У главного входа стоял охранник. Но все равно мне пришлось нажать на кнопку и назвать себя, только после этого секретарь меня впустил.
Я приехала на добрых пятнадцать минут раньше, что меня радовало. Намного приятней спокойно устроиться и перевести дух перед совещанием, чем опаздывать, нервничать и извиняться. Я села, сказав секретарю, что ожидаю коллег.
Вчера вечером после ужина я немного поработала в Интернете, разыскивая сведения о двух людях, встреча с которыми нам предстояла, — о Чарльзе Уоллингфорде и докторе Мило Челтавини. Узнала, что Чарльз Уоллингфорд был шестым членом семейного клана, возглавляющим сеть «Уоллингфордс» — магазинов элитной мебели. Открытая еще его прапрапрадедом лавчонка на Деланси-стрит разрослась и, превратившись в огромный салон, со временем переехала на Пятую авеню и приобрела торговую марку «Уоллингфордс».
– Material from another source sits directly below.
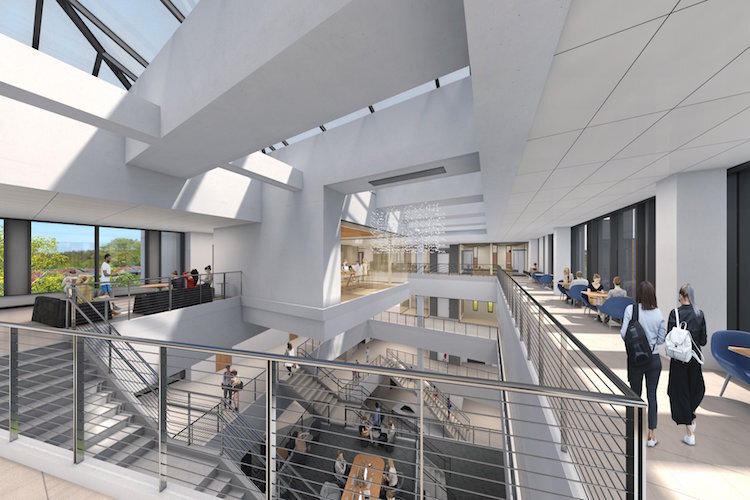 Kettering University's Learning Commons, slated to be completed by early 2022, will be home to a digital library, dining area, and media resource centers. In combination with a design and entrepreneur lab, the space will feature student worker spaces with an emphasis on mobility and artificial intelligence.

Когда Чарльз взял на себя управление компанией, ему не сразу удалось совладать с бешеной атакой сетевых мебельных магазинов, торгующих со скидкой, а также со спадом экономики. Он включил в сеть их магазинов более дешевую линию мебели, изменяя, таким образом, имидж «Уоллингфордс», закрыл ряд магазинов, перестроил структуру оставшихся и наконец приобрел контрольный пакет акций одной британской компании. Это произошло около десяти лет назад.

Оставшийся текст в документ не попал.